Large black clouds made up of thousands of grasshoppers moved from field to field, from county to county.[23] One historian reported that "grasshoppers, sixty to eighty per square yard, could devour one ton of hay per day each forty acres they covered."[24] The grasshoppers ate everything and anything: crops, fruit trees, wooden fork handles, even clothing.[23] In her book On the Banks of Plum Creek, Laura Ingalls Wilder records her eyewitness accounts of the plight of these plagues. She relates how they could not even keep grasshoppers out of the milk pail while milking.[25] She tells how some men headed to the eastern side of the state to find work on unaffected farms.[25]
The farmers who stayed to fight the plague resorted to desperate measures. Some used smudge pots to keep the grasshoppers in flight. Others set their doomed crops on fire in order to kill the fledgling grasshoppers. Many farmers resorted to catching them by hand or in buckets. People started building makeshift "hopper dozers". These machines consisted of pieces of sheet metal smeared with tar, which would be dragged over infested fields. The grasshoppers would get stuck in the tar and be wiped off and burned at each end of the field.[23] However, the grasshoppers devastated crops at a speed that no human invention could compete with.[23]

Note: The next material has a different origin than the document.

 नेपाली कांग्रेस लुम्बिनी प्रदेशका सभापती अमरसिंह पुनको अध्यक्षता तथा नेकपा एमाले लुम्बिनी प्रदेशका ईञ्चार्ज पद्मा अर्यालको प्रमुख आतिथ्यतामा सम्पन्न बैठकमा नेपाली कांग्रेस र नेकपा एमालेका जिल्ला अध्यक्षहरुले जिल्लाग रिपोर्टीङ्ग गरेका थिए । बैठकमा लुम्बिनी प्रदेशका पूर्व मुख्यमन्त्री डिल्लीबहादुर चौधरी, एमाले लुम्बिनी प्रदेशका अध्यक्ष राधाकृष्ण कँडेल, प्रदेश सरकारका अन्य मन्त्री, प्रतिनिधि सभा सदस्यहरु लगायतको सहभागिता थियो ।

The number of grasshoppers and the destruction they brought with them grew each year. By the spring of 1877, grasshopper eggs covered approximately two thirds of Minnesota.[24] Each year, the Minnesota State Legislature appropriated more and more funds to assist its distressed citizens with the purchase of seed and even the necessities of food and clothing.[24] People began to lose their faith in man-made interventions. They turned to spiritual means to relieve the devastation caused by the plague. Minnesota governor John S. Pillsbury declared April 26, 1877, a statewide day of prayer.[26] That night and the following day the weather shifted and the rain which fell soon turned to snow.[23] The people thought this could be the event to impede the grasshoppers' destructive advances, but when the storm passed they were as plentiful as ever.
In Stearns County, about a month after the Statewide day of Prayer, newly ordained Father Leo Winter, OSB, was assigned to the Parish of St. James in Jacobs Prairie, with further responsibility for the mission of St. Nicholas eight miles away.[24] In the midst of the plague, Father Winter encouraged the people to continue their prayers of supplication.[24]

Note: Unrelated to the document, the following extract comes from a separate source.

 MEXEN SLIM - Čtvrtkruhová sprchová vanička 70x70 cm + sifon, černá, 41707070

According to Fr. Robert J. Voigt, Father Winter, "felt the plague was a punishment sent by God because the people had become too self-sufficient. They had their plots of land by now and some income, so they started to forget about God. Father Leo felt it was time for the people to repent of their waywardness and plead with God to remove the plague. So he urged the people to continue that Day of Prayer in their homes and he did so himself in their churches."[27]

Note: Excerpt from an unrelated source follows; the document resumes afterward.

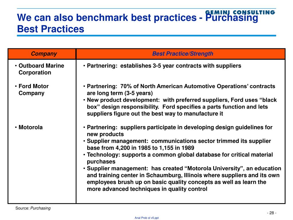 We can also benchmark best practices - Purchasing Best Practices • Company Best Practice/Strength • Outboard Marine Corporation • Ford Motor Company • Motorola • Partnering: establishes 3-5 year contracts with suppliers • Partnering: 70% of North American Automotive Operations’ contracts are long term (3-5 years) • New product development: with preferred suppliers, Ford uses “black box” design responsibility. Ford specifies a parts function and lets suppliers figure out the best way to manufacture it • Partnering: suppliers participate in developing design guidelines for new products • Supplier management: communications sector trimmed its supplier base from 4,200 in 1985 to 1,155 in 1989 • Technology: supports a common global database for critical material purchases • Supplier management: has created “Motorola University”, an education and training center in Schaumburg, Illinois where suppliers and its own employees brush up on basic quality concepts as well as learn the more advanced techniques in quality control Source: Purchasing

One Sunday, while Father Winter was saying the Offertory of the Tridentine Mass, the thought came to him of urging his parishioners to promise to build a chapel in honor of Mary, Help of Christians, so that She would intercede with Her Son for relief from the grasshopper plague.[3][28] Father Winter talked over the idea with fellow parishioners. They decided to build a chapel upon Marienberg in the Blessed Virgin’s honor and to offer Masses of Thanksgiving on every Saturday.[24]
The parishioners of the two parishes agreed. They vowed to build a chapel "to honor the mother of God, to take refuge in her as their intercessor and be freed from the ravages of the grasshopper plague."[3] Two farmers donated seven acres halfway between the two parishes of St. James and St. Nicholas.[24] Construction on the Chapel began July 16, 1877.[24] Laura Ingalls Wilder alleges that the grasshoppers left suddenly that month.[25]
All told, the chapel cost a total of $865 and was completed in less than a month.[24] A pilgrimage statue of the Blessed Virgin holding the Christ Child was carved by Slovenian-immigrant Joseph Ambroziz, an 80-year old farmer and folk artist from St. Joseph, Minnesota.[29]
Before the day of the chapel's completion and dedication, August 15, 1877, all houses in the nearby villages were decorated with flags, and with garlands of oak and evergreen branches. Triumphal arches (German: Triumphbogen), which were also made of oak and evergreen branches and festooned with legends in both Ecclesiastical Latin, Standard German, and the local dialect known as "Stearns County German", were constructed in advance and lined the whole planned pilgrimage route.[30]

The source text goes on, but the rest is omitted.